= What to work on =
Everything below from the line with "Digital Sheet Music" through the line with "願いが通じたのか、日経が足踏" should be copied exactly, and nothing else; leave out the pictures.

= Exercise inputs =
·····
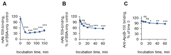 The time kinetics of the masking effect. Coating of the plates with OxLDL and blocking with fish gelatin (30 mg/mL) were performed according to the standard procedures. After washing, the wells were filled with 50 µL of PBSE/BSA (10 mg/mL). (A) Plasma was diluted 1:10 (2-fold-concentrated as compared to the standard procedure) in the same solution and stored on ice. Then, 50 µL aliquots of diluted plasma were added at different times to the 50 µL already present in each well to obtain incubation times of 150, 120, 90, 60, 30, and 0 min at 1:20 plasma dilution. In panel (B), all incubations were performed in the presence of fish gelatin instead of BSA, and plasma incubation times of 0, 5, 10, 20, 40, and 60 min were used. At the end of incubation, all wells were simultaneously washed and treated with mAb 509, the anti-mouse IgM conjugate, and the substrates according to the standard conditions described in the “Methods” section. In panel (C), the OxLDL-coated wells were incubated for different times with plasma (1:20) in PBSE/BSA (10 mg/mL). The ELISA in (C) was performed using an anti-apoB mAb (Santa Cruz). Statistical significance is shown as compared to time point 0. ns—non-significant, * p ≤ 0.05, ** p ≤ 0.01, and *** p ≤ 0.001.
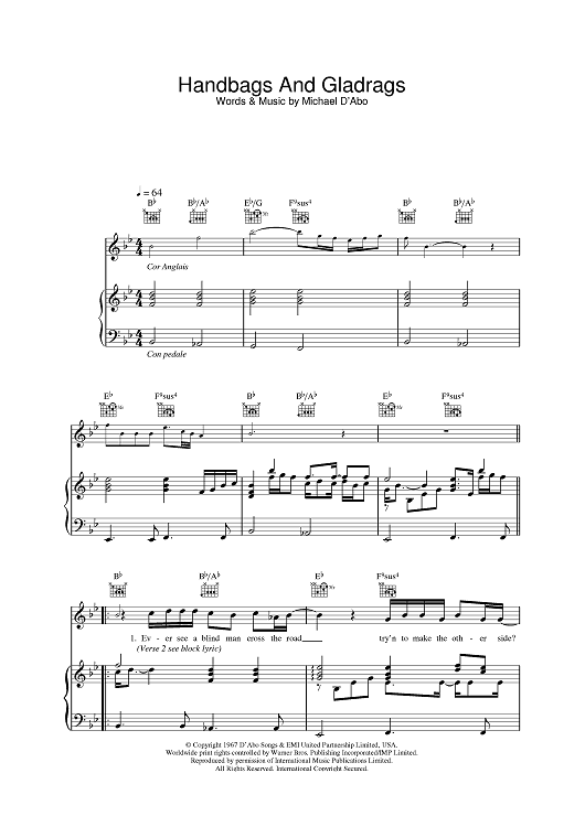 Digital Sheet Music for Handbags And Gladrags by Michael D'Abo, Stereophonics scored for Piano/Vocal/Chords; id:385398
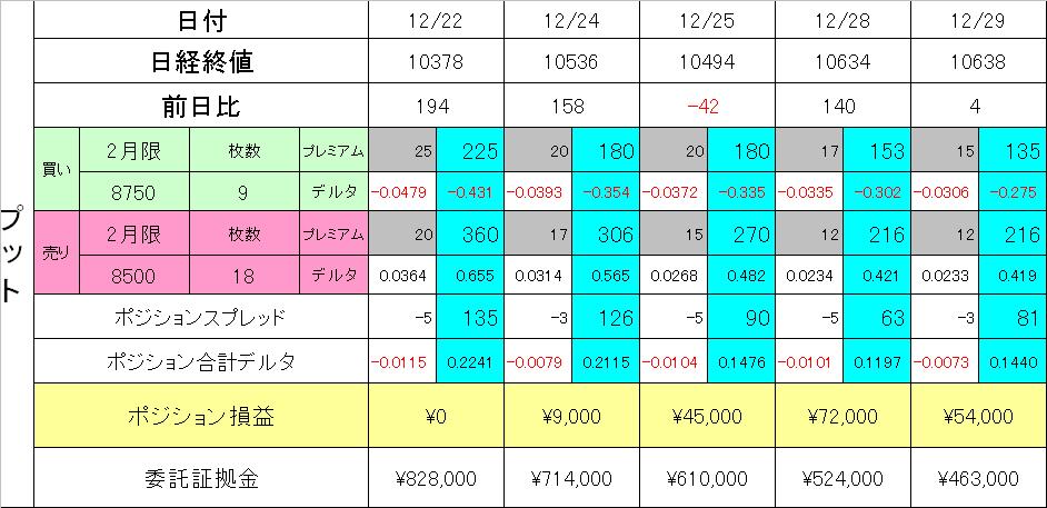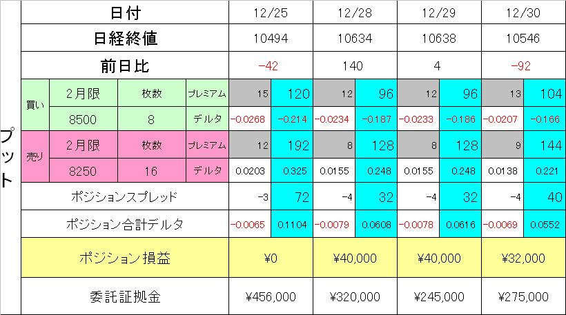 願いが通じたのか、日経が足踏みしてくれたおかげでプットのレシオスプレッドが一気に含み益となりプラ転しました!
·····
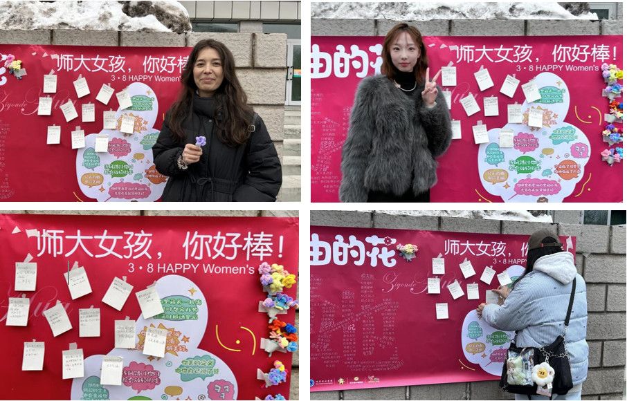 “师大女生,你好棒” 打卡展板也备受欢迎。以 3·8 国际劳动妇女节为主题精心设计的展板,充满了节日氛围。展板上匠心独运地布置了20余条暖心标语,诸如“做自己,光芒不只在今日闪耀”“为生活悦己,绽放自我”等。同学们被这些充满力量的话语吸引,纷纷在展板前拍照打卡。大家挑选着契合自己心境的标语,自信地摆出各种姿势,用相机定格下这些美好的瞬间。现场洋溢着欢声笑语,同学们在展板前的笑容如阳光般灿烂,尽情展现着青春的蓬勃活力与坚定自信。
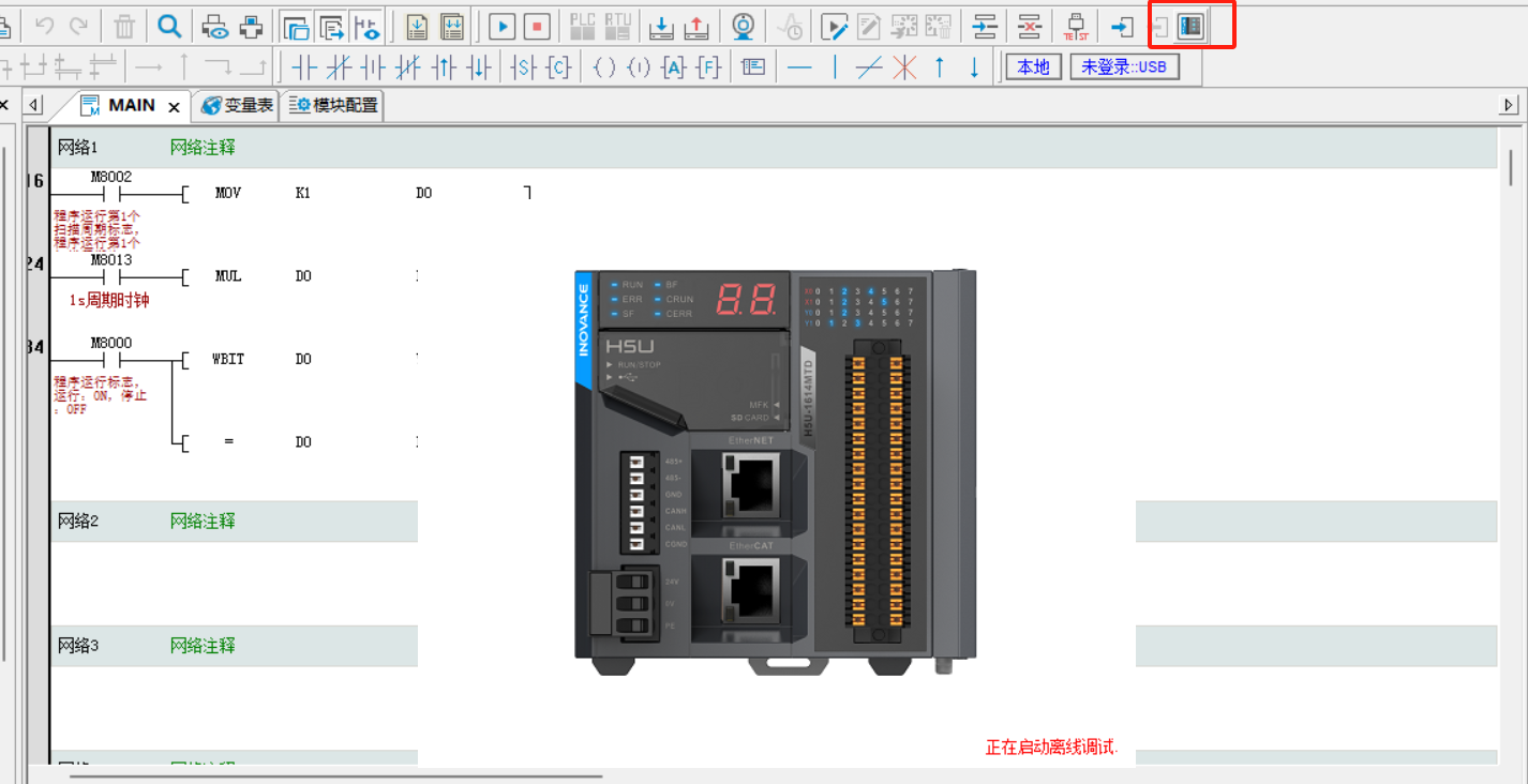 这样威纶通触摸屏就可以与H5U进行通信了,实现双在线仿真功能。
·····
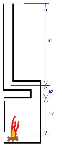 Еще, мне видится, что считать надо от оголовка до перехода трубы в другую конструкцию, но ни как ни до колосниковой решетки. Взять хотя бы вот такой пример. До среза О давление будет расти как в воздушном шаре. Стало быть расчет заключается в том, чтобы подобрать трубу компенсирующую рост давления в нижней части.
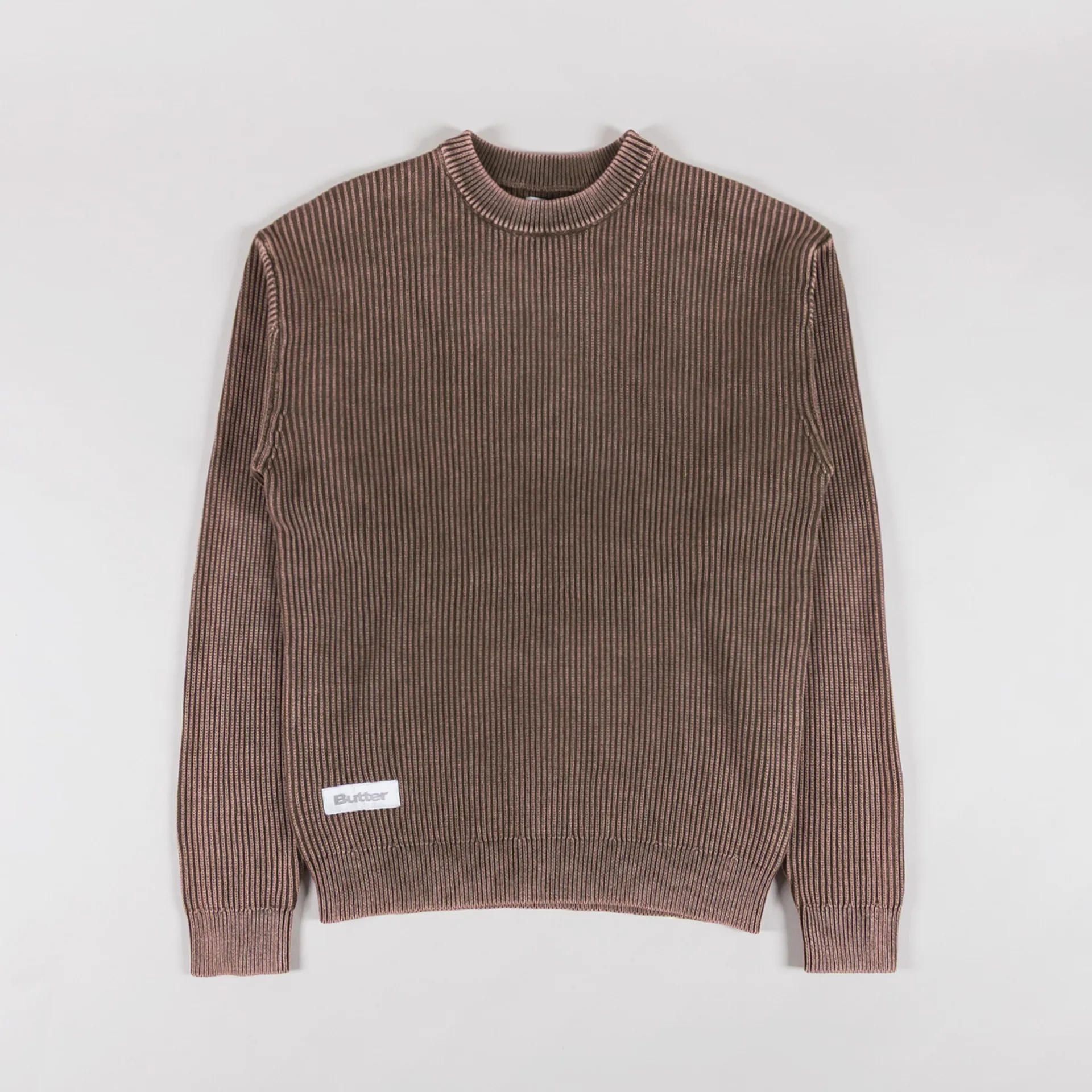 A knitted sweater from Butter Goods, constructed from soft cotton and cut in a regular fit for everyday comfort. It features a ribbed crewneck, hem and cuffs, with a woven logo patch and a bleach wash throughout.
·····
= Answer for this exercise =
 Digital Sheet Music for Handbags And Gladrags by Michael D'Abo, Stereophonics scored for Piano/Vocal/Chords; id:385398
 願いが通じたのか、日経が足踏みしてくれたおかげでプットのレシオスプレッドが一気に含み益となりプラ転しました!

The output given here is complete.